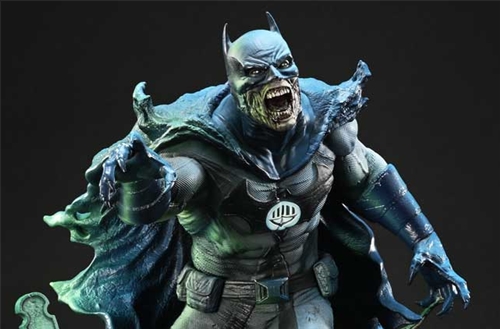 Over 18 inches tall, the Caped Crusader’s undead form is crafted with unparalleled detail and precision. His posture is an unsettling blend of menace and decay. Like those of a zombie, his limbs move with an unnatural stiffness as if struggling against the very fabric of death itself. One arm stretches forward with claw-like fingers, reaching out to claim the souls of his still-living comrades. His once noble features are now contorted into a grotesque mask of terror, from the decaying skin to the dynamic billowing tattered cape; every element is expertly sculpted and painted to evoke terror and fright as he stands atop his tombstone.
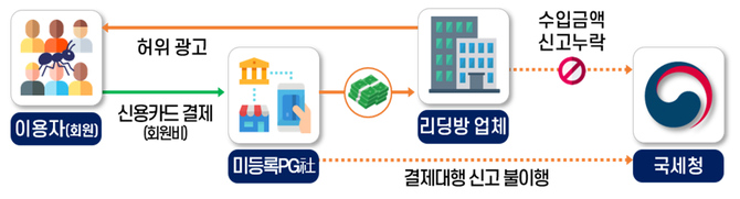 주식 리딩방 운영업자 A는 ‘수익률 300% 보장’, ‘미공개 폭등 작전주 정보’ 등 허위광고로 개미투자자들의 ‘VIP 멤버십’에 가입을 유도했다. 그리고 국내 미등록 결제대행업체를 통해 수억원대 고액 회원비를 결제토록 하는 수법으로 거액의 매출 신고를 회피했다.
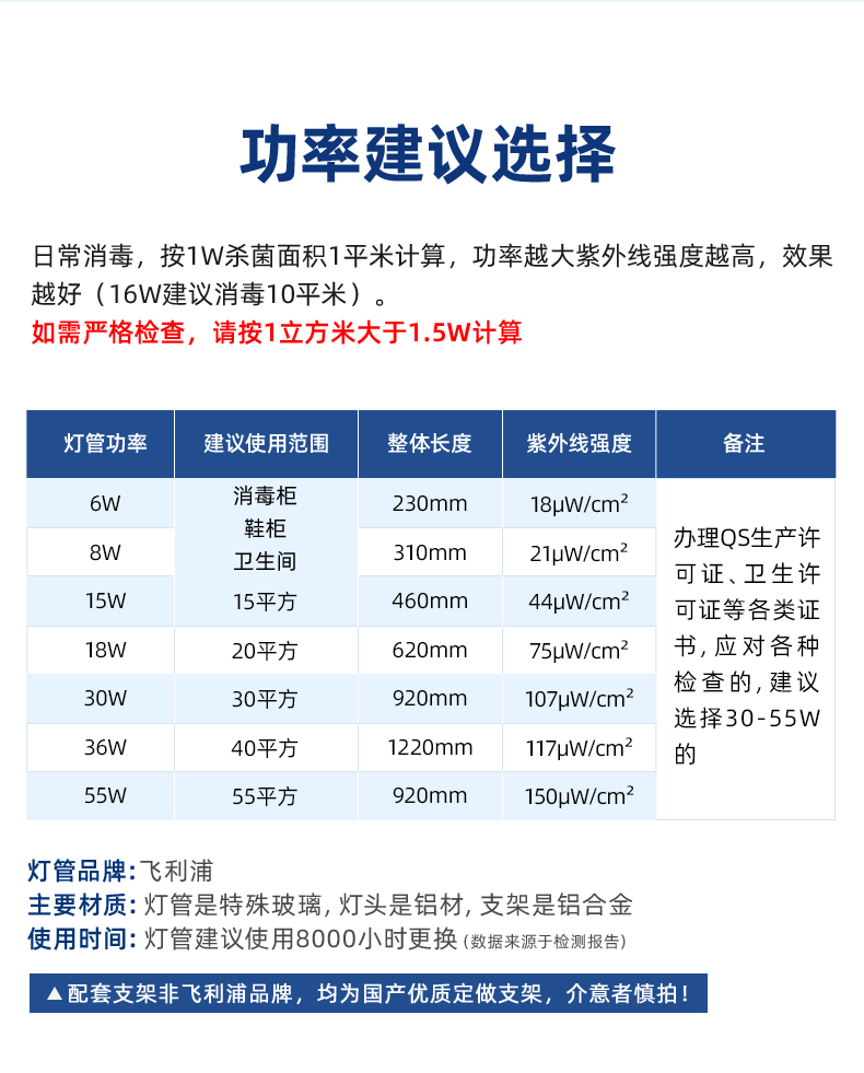 2、功率6W、8W、的灯管产地为中国,36W有国产和进口可以留言。其他功率的灯管产地为波兰。

### Action item
Exclude the images and reproduce the remaining data exactly.

### Task response
 Over 18 inches tall, the Caped Crusader’s undead form is crafted with unparalleled detail and precision. His posture is an unsettling blend of menace and decay. Like those of a zombie, his limbs move with an unnatural stiffness as if struggling against the very fabric of death itself. One arm stretches forward with claw-like fingers, reaching out to claim the souls of his still-living comrades. His once noble features are now contorted into a grotesque mask of terror, from the decaying skin to the dynamic billowing tattered cape; every element is expertly sculpted and painted to evoke terror and fright as he stands atop his tombstone.
 주식 리딩방 운영업자 A는 ‘수익률 300% 보장’, ‘미공개 폭등 작전주 정보’ 등 허위광고로 개미투자자들의 ‘VIP 멤버십’에 가입을 유도했다. 그리고 국내 미등록 결제대행업체를 통해 수억원대 고액 회원비를 결제토록 하는 수법으로 거액의 매출 신고를 회피했다.
 2、功率6W、8W、的灯管产地为中国,36W有国产和进口可以留言。其他功率的灯管产地为波兰。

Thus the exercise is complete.